= 1888 Birthday Honours =

National awards given by Queen Victoria

The 1888 Birthday Honours were appointments by Queen Victoria to various orders and honours to reward and highlight good works by citizens of the British Empire. The appointments were made to celebrate the official birthday of The Queen, and were published in the London Gazette on 1 June 1888 and in The Times on 2 June 1888.

The recipients of honours are displayed here as they were styled before their new honour, and arranged by honour, with classes (Knight, Knight Grand Cross, etc.) and then divisions (Military, Civil, etc.) as appropriate.

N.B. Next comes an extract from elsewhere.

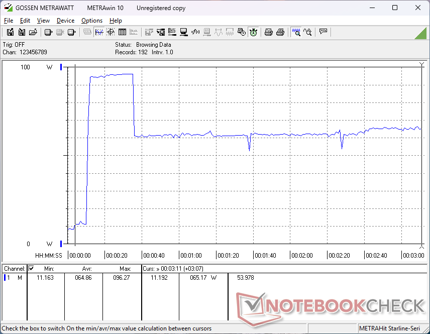 CPU, Prime95 stresini çalıştırırken 2,9 GHz, 69 W ve 100 C'ye yükselir ve birkaç saniye sonra sınırlı Turbo Boost sürdürülebilirliğini temsil etmek için 2,2 GHz, 40 W ve 78 C'ye düşer. Kısma, yukarıdaki CineBench R15 xT döngü sonuçlarımızı ve aşağıdaki güç tüketimi davranışımızı tamamlıyor.

==United Kingdom and British Empire==

===Baronetcies===
- Mark Wilks Collet, Governor of the Bank of England.

===Knight Bachelor===

- George Barclay Bruce, President of the Institution of Civil Engineers.
- Theodore Thomas Ford, Chief Justice in the Straits Settlements.
- Thomas Galt, Chief Justice in Ontario.
- Charles Hallé, pianist and conductor.
- George David Harris, Member of the Executive Council of the Bahamas.
- Alderman John James Harwood, Mayor of Manchester.
- John Hassard, Principal Registrar of the Province of Canterbury.
- Dr. John Stainer, Organist of St Paul's Cathedral.
- James George Steere, Speaker of the Legislative Council of Western Australia.
- William Henry Melvill, Solicitor to the Board of Inland Revenue.
- Daniel Wilson, President of the University of Toronto.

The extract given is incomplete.